The research team validated its effectiveness across three tasks:
1. **Structured Reasoning (Textualized Tree)**: Maintains reasoning accuracy without breaking hierarchical relationships;
2. **Sentiment Classification (Amazon Reviews)**: Preserves semantic information to support accurate sentiment judgment;
3. **Code Editing (CommitPackFT)**: Reliably handles technical content, verifying applicability in precision scenarios.

## Balance Between Compression and Performance & Technical Advantages

### Balance Between Compression and Performance
- Up to 75% input compression (4000→1000 tokens);
- Almost no significant performance drop compared to the uncompressed version;
- Lies on the Pareto frontier of performance-compression ratio.

### Technical Advantages
- Computational Efficiency: The self-attention computation is theoretically reduced to 1/16;
- Memory Optimization: Smaller activation memory, supporting longer contexts or larger batch sizes;
- Versatility: Seamlessly integrates with downstream tasks without modifying generation logic;
- Scalability: Flexible adjustment of K value to balance compression ratio and performance.

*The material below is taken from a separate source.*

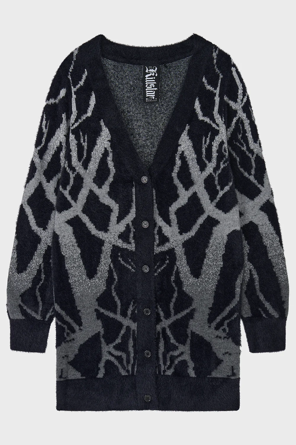 • Dzianinowy wzór ombre z leśnymi motywami.
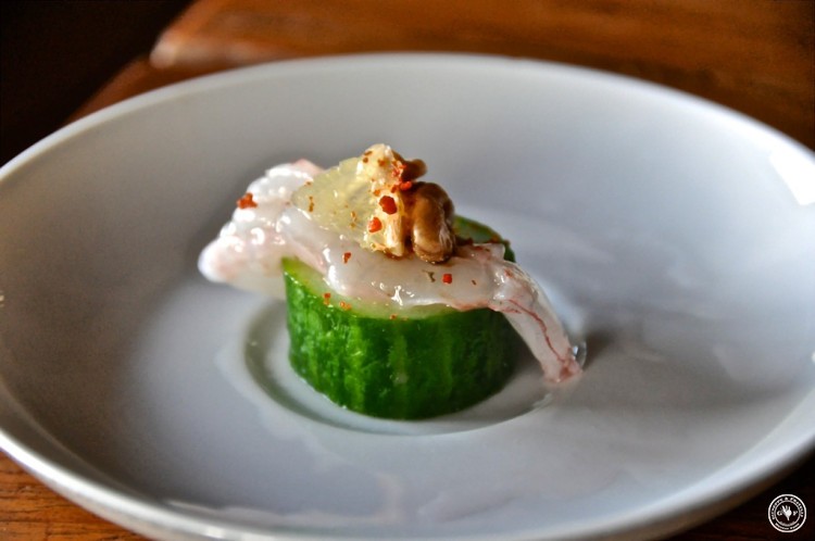 Gurke,  dunkle Sojasauce, rohe Garnele, Walnuss, Limetten-Filet, Chiliflocken!

## Application Prospects and Summary

### Application Prospects
Applicable to scenarios like long document processing (legal/academic/technical manuals), codebase understanding, multi-turn dialogue memory, and RAG systems.

### Summary
K-Token Merging represents an important advancement in prompt compression technology. It breaks through traditional limitations, achieves efficient compression while maintaining performance, opens up a new direction for efficient LLM inference, and will play a key role in practical deployments.